- Kannur Cantonment Location in Kerala, India
- Coordinates: 11°51′44″N 75°21′49″E﻿ / ﻿11.862101°N 75.363722°E
- Country: India
- State: Kerala
- District: Kannur

Area
- • Total: 1.79 km^{2} (0.69 sq mi)

Population (2011)
- • Total: 4,798
- • Density: 2,680/km^{2} (6,940/sq mi)

Languages
- • Official: Malayalam, English
- Time zone: UTC+5:30 (IST)
- ISO 3166 code: IN-KL

= Kannur Cantonment =

Kannur Cantonment (or Cannanore Cantonment the old English name), situated in Burnassery or Burnshire(the anglicized name), is a cantonment town in Kannur district in the Indian state of Kerala, between Kannur town and Kannur City.
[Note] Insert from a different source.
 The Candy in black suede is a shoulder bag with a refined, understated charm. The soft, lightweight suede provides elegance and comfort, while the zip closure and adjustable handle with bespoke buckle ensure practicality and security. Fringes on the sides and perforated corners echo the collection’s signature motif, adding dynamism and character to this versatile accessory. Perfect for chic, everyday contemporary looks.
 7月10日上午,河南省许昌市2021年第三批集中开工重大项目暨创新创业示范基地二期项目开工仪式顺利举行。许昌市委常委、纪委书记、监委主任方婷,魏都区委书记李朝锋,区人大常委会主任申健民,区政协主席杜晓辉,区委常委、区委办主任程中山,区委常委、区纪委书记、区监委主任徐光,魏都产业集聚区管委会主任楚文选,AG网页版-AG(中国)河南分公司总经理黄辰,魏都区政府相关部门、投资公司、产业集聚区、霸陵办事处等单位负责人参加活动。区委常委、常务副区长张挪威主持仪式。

The cantonment was a military camp for Portuguese, Dutch and British rulers, and is now the headquarters of Defence Security Corps.

The Kannur Cantonment Board is one of the 62 cantonments in India and the only one in Kerala. The cantonment at Kannur falls in the Class III category. Defence offices such the Defence Security Corps Centre, Defence Security Corps Record, Defence Security Corps Pay Accounts Office and DPDO Kannur are located here. It is home to St. Angelo Fort, Holy Trinity Cathedral and St. Thomas Orthodox Church.

==History==
The Kannur Cantonment was established in the 19th century by the British. Cantonments were established during the British era usually in their military areas where both civilian and military personnel resided. It was under the control of the Arakkal Kingdom until 1909, when the Arakkal Beevi, Rani Imbichi Adi-Raja Bibi lost it to the British.
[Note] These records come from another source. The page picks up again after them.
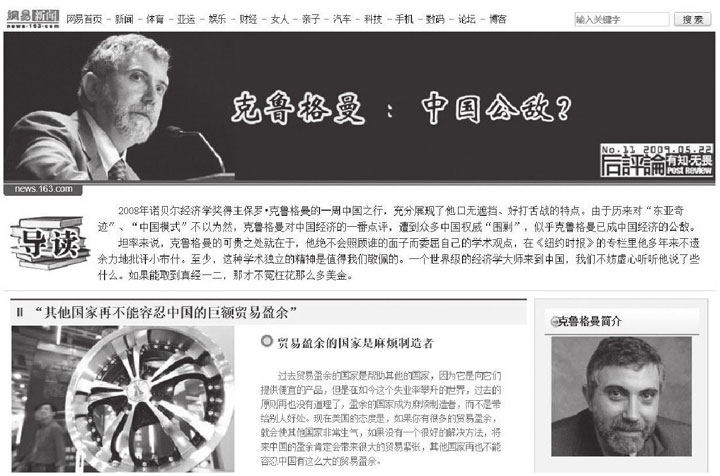 ▲网易“克鲁格曼:中国公敌?”专题页面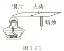 02 用图1-2-1装置进行实验(夹持仪器略去)。点燃酒精灯加热铜片一段时间后,蜡烛熔化、掉落,之后火柴燃烧。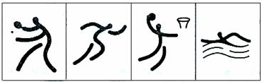 22.下面是2008年奥运会四个比赛项目的标识图形:请你选取一个,围绕图形内容,紧扣动态特征,展开联想,写一段话。要求语言通顺,运用两种以上(含两种)的修辞手法,不少于40字(含标点符号)。(6分)

After Indian Independence, the Kannur Cantonment came under the control of the Indian Army. It is now a prominent and strategic location for the Indian armed forces.

==Demographics==
As of 2011 India census, Kannur Cantonment had a population of 4,798. Males constitute 65% of the population and females 35%. Kannur Cantonment has an average literacy rate of 89%, higher than the national average of 74%: male literacy is 92%, and female literacy is 84%. In Kannur Cantonment, 8% of the population is under 6 years of age. The majority of the Anglo-Indian community lives in the Kannur Cantonment and the surrounding areas of Thillery, No.3 Bazaar and Camp Bazaar.

== Kannur Cantonment Board ==
The Kannur Cantonment Board came into existence in 1938. This cantonment consists of 2698 civilians and 2121 military population. The Board consists of 12 members. Six of them are elected from the civilian population. The Officer-in-Command is the chairman of the Board.

==Education==
Some of the notable schools situated in the Cannanore Cantonment are St, Michael's Anglo Indian Higher Secondary School Kannur
St Teresa's Anglo Indian Higher Secondary School Kannur, Ursuline Convent School, B E M P Upper Primary School, St Peter's Lower Primary School, Kendriya Vidyalaya, Army School and the recently opened Premier English School.